# Walter oh dear



## Rose n Poos (Sep 22, 2017)

Twyla, I wish for you and your crew a few more dull moments to balance all the "adventures"


----------



## fjm (Jun 4, 2010)

I hope you get things sorted and settled once again. Would it also be worth testing thyroid levels? Walter is on the young side for hyperthyroidism, but it too can affect behaviour, making a cat touchy and irritable.


----------



## twyla (Apr 28, 2010)

Thanks fjm, I'll discuss that with the vet when I see her. Walter is distressed, though it is so subtle he's more friendly and he's back to glaring at Gracie, usually the dogs and I are boring and not worthy of attention


----------



## fjm (Jun 4, 2010)

Weight loss is the other classic symptom, but, as with so many things, cats don't always read the books...!


----------



## Vita (Sep 23, 2017)

Twyla, this is serious, really serious. It's no longer a one time event, it's grown into a _habit_ that threatens the well-being, health, and safety of your three poodles. I dread the day that you could come home from work to a one-eyed poodle. 

Since you're dead set against declawing and/or he might be too old for this choice, please do what must be done: rehome Walter. I don't say this lightly b/c I have a sense of how you feel about your pets. 

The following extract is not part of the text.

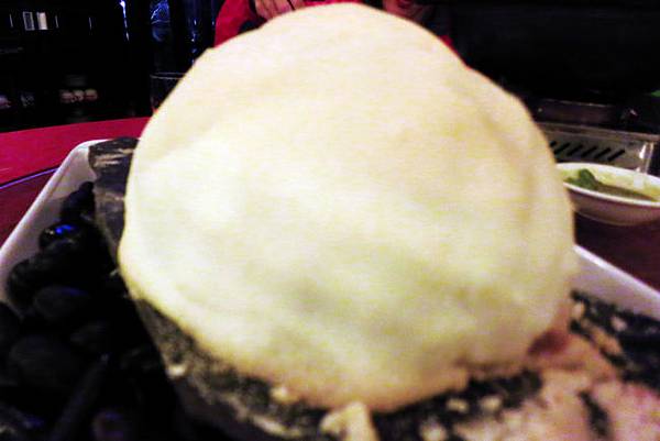 當服務人員捧上桌時,所有人不約而同的都瞪大了雙眼,直盯著桌上這一球!
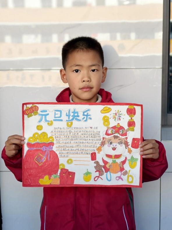 在本次活动中,同学们积极参与,大胆想象。一幅幅手抄报版面设计新颖、内容丰富,从元旦的来历到新年习俗,从节日诗歌到祝福寄语,字里行间洋溢着童真与热情。

But sometimes the choices we'd prefer are out of our hands. You'd like to keep Walter _and_ to keep your poodles safe from him, but I don't see how you can have it both ways b/c Walter won't let you. By now, your poodles are probably walking on eggshells around him. Take pride that you've done your best. 

We're here for you.


----------



## Mufar42 (Jan 1, 2017)

Aww poor Walter and poor pups. I have cats too and have to watch them as they have no fear of Renn but if he pounces on them he could get scratched so I avoid it. Perhaps you cold keep Walter locked in one room and not allow the dogs access to it. He would have his personal space and not feel threatened by the pups?


----------



## twyla (Apr 28, 2010)

Everyone should know Walter separated from the dogs when I am not home and these incidences are completely my fault, Walter gained access to food he shouldn't have which is totally on me, that is causing him this pain it's obvious to me now he is in distress but I should of dealt his symptoms sooner.


----------



## MollyMuiMa (Oct 13, 2012)

I am sorry you are having 'Walter Woes' again, but knowing you, you'll have them all taken care of in the best way you see fit, in no time! Good Luck!


----------



## twyla (Apr 28, 2010)

I should have taken Walter to the vet two weeks ago, I personally have been sick the past week or so, not in my best form. And Leonard and Pia are not totally innocent either they do on occasion tear off after Walter, who usually takes it in stride and completely ignores them, slowly ambling off.


----------



## twyla (Apr 28, 2010)

Vita said:


> Twyla, this is serious, really serious. It's no longer a one time event, it's grown into a _habit_ that threatens the well-being, health, and safety of your three poodles. I dread the day that you could come home from work to a one-eyed poodle.
> 
> Since you're dead set against declawing and/or he might be too old for this choice, please do what must be done: rehome Walter. I don't say this lightly b/c I have a sense of how you feel about your pets.
> 
> ...


Vita, 

I understand your point of view, but I should have brought Walt to the vet two weeks ago when Pia got hurt and do what I am supposed to do and make sure Walter voids his bowels daily. If Walter voids his bowels daily he is a pretty content cat, very lazy happy guy.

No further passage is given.